[PROBLEM DETAILS] In full and word for word, return the listing that follows.
□ □ □ □ □
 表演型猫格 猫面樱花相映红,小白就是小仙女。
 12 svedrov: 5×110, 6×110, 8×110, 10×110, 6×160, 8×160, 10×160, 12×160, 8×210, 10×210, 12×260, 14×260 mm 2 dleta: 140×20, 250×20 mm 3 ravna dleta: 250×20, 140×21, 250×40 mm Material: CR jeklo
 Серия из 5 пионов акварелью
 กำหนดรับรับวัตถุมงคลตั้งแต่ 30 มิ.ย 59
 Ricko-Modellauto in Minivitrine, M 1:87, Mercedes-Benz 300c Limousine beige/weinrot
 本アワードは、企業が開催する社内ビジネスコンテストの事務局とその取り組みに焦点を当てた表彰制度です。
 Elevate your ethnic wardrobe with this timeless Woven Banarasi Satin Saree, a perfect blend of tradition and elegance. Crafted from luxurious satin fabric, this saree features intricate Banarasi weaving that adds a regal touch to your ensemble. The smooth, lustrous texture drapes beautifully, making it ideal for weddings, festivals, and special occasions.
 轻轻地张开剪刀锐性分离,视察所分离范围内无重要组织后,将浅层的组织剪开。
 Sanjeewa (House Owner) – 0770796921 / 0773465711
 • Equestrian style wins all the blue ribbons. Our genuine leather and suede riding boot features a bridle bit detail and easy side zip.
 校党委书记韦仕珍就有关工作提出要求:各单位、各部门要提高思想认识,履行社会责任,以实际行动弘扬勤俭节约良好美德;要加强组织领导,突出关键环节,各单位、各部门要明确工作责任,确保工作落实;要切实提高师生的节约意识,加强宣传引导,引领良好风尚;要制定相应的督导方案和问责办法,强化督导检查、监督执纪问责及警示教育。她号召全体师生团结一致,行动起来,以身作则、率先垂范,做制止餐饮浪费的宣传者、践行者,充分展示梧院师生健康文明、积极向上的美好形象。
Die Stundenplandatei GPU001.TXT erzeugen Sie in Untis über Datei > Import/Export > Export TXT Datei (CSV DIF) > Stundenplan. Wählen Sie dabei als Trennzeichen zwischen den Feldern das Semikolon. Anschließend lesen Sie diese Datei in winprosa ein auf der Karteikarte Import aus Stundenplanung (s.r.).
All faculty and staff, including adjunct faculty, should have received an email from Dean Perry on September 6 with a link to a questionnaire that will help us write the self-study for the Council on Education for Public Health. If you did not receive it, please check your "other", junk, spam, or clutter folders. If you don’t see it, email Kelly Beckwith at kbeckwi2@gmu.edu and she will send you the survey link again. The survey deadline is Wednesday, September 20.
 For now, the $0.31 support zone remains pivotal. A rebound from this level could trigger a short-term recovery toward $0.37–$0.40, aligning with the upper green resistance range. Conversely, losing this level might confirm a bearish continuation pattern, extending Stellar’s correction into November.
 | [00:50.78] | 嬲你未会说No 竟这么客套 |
□ □ □ □ □
[ANSWER]
 表演型猫格 猫面樱花相映红,小白就是小仙女。
 12 svedrov: 5×110, 6×110, 8×110, 10×110, 6×160, 8×160, 10×160, 12×160, 8×210, 10×210, 12×260, 14×260 mm 2 dleta: 140×20, 250×20 mm 3 ravna dleta: 250×20, 140×21, 250×40 mm Material: CR jeklo
 Серия из 5 пионов акварелью
 กำหนดรับรับวัตถุมงคลตั้งแต่ 30 มิ.ย 59
 Ricko-Modellauto in Minivitrine, M 1:87, Mercedes-Benz 300c Limousine beige/weinrot
 本アワードは、企業が開催する社内ビジネスコンテストの事務局とその取り組みに焦点を当てた表彰制度です。
 Elevate your ethnic wardrobe with this timeless Woven Banarasi Satin Saree, a perfect blend of tradition and elegance. Crafted from luxurious satin fabric, this saree features intricate Banarasi weaving that adds a regal touch to your ensemble. The smooth, lustrous texture drapes beautifully, making it ideal for weddings, festivals, and special occasions.
 轻轻地张开剪刀锐性分离,视察所分离范围内无重要组织后,将浅层的组织剪开。
 Sanjeewa (House Owner) – 0770796921 / 0773465711
 • Equestrian style wins all the blue ribbons. Our genuine leather and suede riding boot features a bridle bit detail and easy side zip.
 校党委书记韦仕珍就有关工作提出要求:各单位、各部门要提高思想认识,履行社会责任,以实际行动弘扬勤俭节约良好美德;要加强组织领导,突出关键环节,各单位、各部门要明确工作责任,确保工作落实;要切实提高师生的节约意识,加强宣传引导,引领良好风尚;要制定相应的督导方案和问责办法,强化督导检查、监督执纪问责及警示教育。她号召全体师生团结一致,行动起来,以身作则、率先垂范,做制止餐饮浪费的宣传者、践行者,充分展示梧院师生健康文明、积极向上的美好形象。
Die Stundenplandatei GPU001.TXT erzeugen Sie in Untis über Datei > Import/Export > Export TXT Datei (CSV DIF) > Stundenplan. Wählen Sie dabei als Trennzeichen zwischen den Feldern das Semikolon. Anschließend lesen Sie diese Datei in winprosa ein auf der Karteikarte Import aus Stundenplanung (s.r.).
All faculty and staff, including adjunct faculty, should have received an email from Dean Perry on September 6 with a link to a questionnaire that will help us write the self-study for the Council on Education for Public Health. If you did not receive it, please check your "other", junk, spam, or clutter folders. If you don’t see it, email Kelly Beckwith at kbeckwi2@gmu.edu and she will send you the survey link again. The survey deadline is Wednesday, September 20.
 For now, the $0.31 support zone remains pivotal. A rebound from this level could trigger a short-term recovery toward $0.37–$0.40, aligning with the upper green resistance range. Conversely, losing this level might confirm a bearish continuation pattern, extending Stellar’s correction into November.
 | [00:50.78] | 嬲你未会说No 竟这么客套 |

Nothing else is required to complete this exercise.